Top of Extracted entries

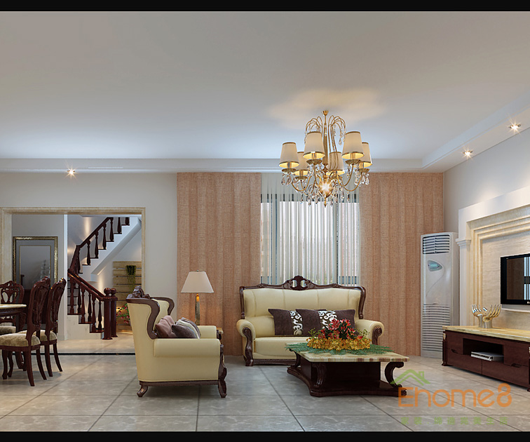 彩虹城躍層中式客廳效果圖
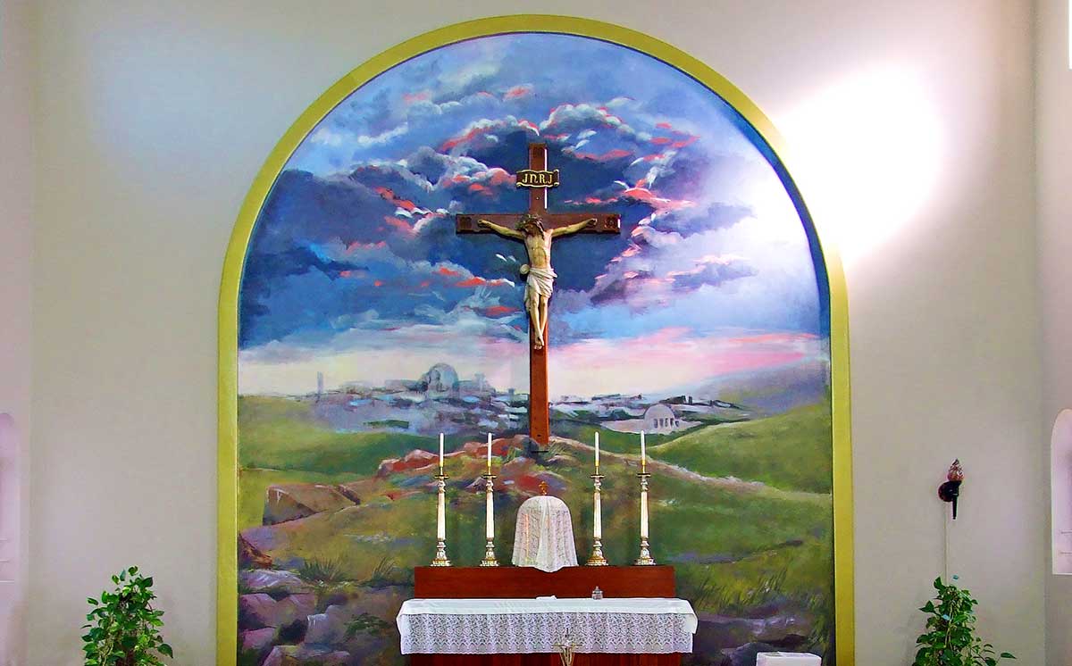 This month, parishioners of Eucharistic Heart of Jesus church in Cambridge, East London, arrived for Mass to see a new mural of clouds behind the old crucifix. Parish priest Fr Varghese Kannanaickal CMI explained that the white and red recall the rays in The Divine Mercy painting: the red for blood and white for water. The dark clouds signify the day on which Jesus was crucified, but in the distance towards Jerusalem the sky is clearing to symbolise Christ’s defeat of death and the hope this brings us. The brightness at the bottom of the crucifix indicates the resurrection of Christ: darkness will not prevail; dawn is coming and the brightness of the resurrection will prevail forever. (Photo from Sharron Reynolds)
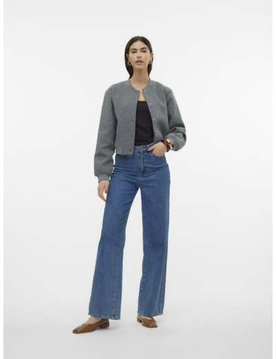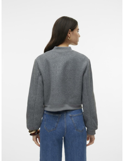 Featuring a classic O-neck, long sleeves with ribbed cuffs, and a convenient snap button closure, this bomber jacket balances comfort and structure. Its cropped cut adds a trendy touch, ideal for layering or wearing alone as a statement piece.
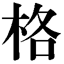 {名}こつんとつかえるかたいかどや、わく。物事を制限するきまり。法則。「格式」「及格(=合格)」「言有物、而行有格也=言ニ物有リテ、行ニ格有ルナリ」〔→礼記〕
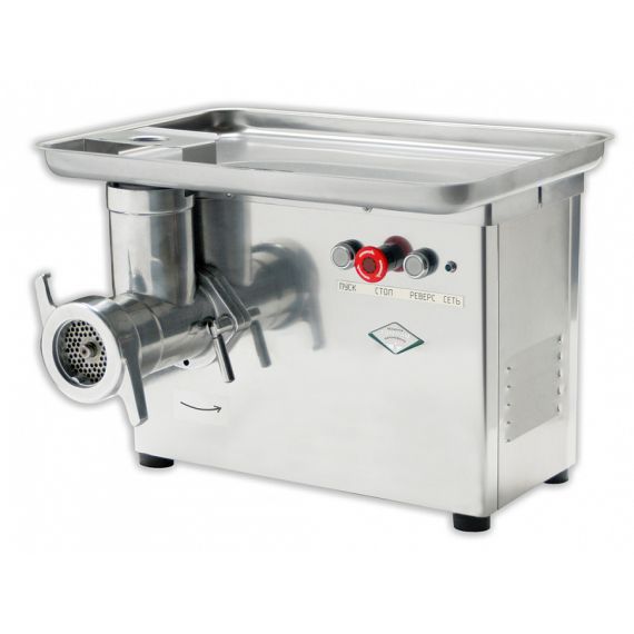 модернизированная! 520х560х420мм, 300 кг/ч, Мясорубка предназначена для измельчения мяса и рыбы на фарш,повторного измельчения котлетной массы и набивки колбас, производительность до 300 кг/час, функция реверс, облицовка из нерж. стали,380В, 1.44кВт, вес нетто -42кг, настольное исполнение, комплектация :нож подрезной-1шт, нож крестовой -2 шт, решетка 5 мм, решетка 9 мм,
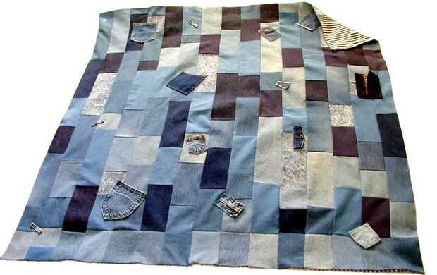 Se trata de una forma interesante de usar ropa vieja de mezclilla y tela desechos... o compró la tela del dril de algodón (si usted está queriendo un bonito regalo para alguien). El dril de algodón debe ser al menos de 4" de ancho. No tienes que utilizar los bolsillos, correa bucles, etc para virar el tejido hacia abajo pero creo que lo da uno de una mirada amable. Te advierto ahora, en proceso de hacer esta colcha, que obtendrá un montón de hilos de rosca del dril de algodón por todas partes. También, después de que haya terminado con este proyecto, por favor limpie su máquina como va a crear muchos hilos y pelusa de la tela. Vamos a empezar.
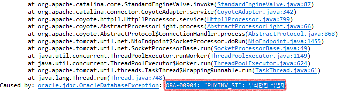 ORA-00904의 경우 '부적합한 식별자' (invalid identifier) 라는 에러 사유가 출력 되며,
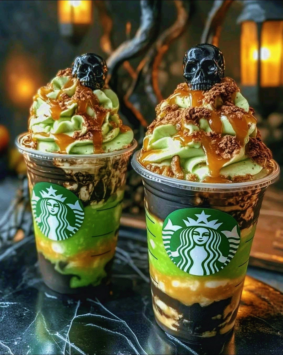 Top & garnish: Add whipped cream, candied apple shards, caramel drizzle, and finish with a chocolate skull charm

Bottom of Extracted entries
Top of Extracted entries

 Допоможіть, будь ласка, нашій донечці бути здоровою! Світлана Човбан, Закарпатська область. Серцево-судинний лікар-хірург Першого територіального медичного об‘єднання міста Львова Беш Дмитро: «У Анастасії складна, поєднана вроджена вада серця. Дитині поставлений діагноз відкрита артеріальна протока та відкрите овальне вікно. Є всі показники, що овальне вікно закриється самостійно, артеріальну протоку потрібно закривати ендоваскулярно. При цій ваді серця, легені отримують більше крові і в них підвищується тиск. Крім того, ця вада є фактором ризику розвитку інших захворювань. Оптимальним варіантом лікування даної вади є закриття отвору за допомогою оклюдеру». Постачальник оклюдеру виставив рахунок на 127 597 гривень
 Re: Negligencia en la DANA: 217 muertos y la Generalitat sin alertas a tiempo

Bottom of Extracted entries

* [Problem statement]: With pictures excluded, reproduce exactly the lines above from the one containing "彩虹城躍層中式客廳效果圖" down to the one containing "модернизированная! 520х560х420мм, 300", those two included.

* [Exercise solution]:
 彩虹城躍層中式客廳效果圖
 This month, parishioners of Eucharistic Heart of Jesus church in Cambridge, East London, arrived for Mass to see a new mural of clouds behind the old crucifix. Parish priest Fr Varghese Kannanaickal CMI explained that the white and red recall the rays in The Divine Mercy painting: the red for blood and white for water. The dark clouds signify the day on which Jesus was crucified, but in the distance towards Jerusalem the sky is clearing to symbolise Christ’s defeat of death and the hope this brings us. The brightness at the bottom of the crucifix indicates the resurrection of Christ: darkness will not prevail; dawn is coming and the brightness of the resurrection will prevail forever. (Photo from Sharron Reynolds)
 Featuring a classic O-neck, long sleeves with ribbed cuffs, and a convenient snap button closure, this bomber jacket balances comfort and structure. Its cropped cut adds a trendy touch, ideal for layering or wearing alone as a statement piece.
 {名}こつんとつかえるかたいかどや、わく。物事を制限するきまり。法則。「格式」「及格(=合格)」「言有物、而行有格也=言ニ物有リテ、行ニ格有ルナリ」〔→礼記〕
 модернизированная! 520х560х420мм, 300 кг/ч, Мясорубка предназначена для измельчения мяса и рыбы на фарш,повторного измельчения котлетной массы и набивки колбас, производительность до 300 кг/час, функция реверс, облицовка из нерж. стали,380В, 1.44кВт, вес нетто -42кг, настольное исполнение, комплектация :нож подрезной-1шт, нож крестовой -2 шт, решетка 5 мм, решетка 9 мм,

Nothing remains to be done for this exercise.